Most conflicts, at home, work, or in communities, don’t begin with malice.

They begin with threatened values.

  • fairness feels violated

  • autonomy feels constrained

  • belonging feels at risk

  • respect feels missing

When we argue about the surface issues, we stay stuck.

When we inquire into the value underneath, something softens.

Consider a recent conflict and gently ask:

  • Which value felt threatened for me? (Was it fairness? Respect? Autonomy? Belonging?)
  • Which value might have felt threatened for them?
  • What would honour both, without one of us losing?

Conflict doesn’t disappear, but it becomes navigable.

Values aren’t obstacles. They’re signals.

And once we read the signal, we can work with the code.

 

5. Justice: What If We Asked a Different First Question?

If behaviour is the output of an operating system, then harm may sometimes point to damaged, outdated, or survival-based code.

I’m not certain what the “right” justice system looks like, and I’m wary of simple answers to complex harm.

But I do wonder:

  • What if justice asked what failed before asking who to punish?

  • What if accountability included repairing the inner OS, not just imposing consequences?

  • What if safety, regulation, and values literacy were part of preventing reoffending, not afterthoughts?

This isn’t about excusing harm. It’s about asking whether punishment alone ever updates the code that produced it.

There’s more to explore here, and I explore this more deeply in the forthcoming report - [Link will be here in January 2026]. For now, perhaps the question is enough:

Are we repairing systems, or reinforcing them?

 

6. A Reflection for This Week: Updating the OS Together

Before next week’s post, try sitting with this:

Where might your operating system be out of date?

  • Are you still living by a childhood rule that once kept you safe?

  • Are you defending a value you inherited but never chose?

  • Are you reacting to situations as a younger version of yourself would have?

And one more:

What operating system is your workplace, family, or community running?

And what small update might you quietly introduce?

Because when even one person updates their OS, the system around them feels it.

Human systems always change from the inside out.

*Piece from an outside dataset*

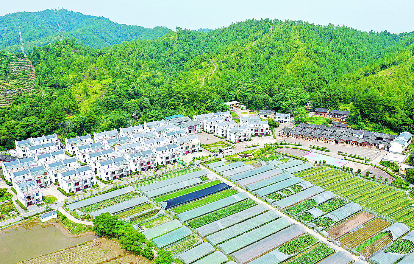 2012年6月,《國務院關于支持贛南等原中央蘇區振興發展的若干意見》出臺實施,華屋迎來了翻天覆地的變化。如今,華屋的低矮土屋早已拆了,取而代之的是66套嶄新的小康樓;村史樓前,一排排蔬菜、水果大棚鱗次櫛比,棚內瓜果生機盎然;村莊左側特意保留的七棟土坯房整飾一新,已開發為紅色旅游景點。產業興旺,小康夢圓,華屋人過上了安居樂業、富裕幸福的火紅日子。

So perhaps the invitation this week is simple:

What's one line of code you're ready to question, not to delete, but to understand?

For example:

  • 'I must always put others first.'
  • 'Asking for help is weak.'
  • 'If I'm not perfect, I'm not enough.'

 

What's yours?

A Personal Share: mine used to be, ‘I’m not good enough’. This code served me well; it was one of my primary drivers, but it’s served its purpose, and I’ve now moved on.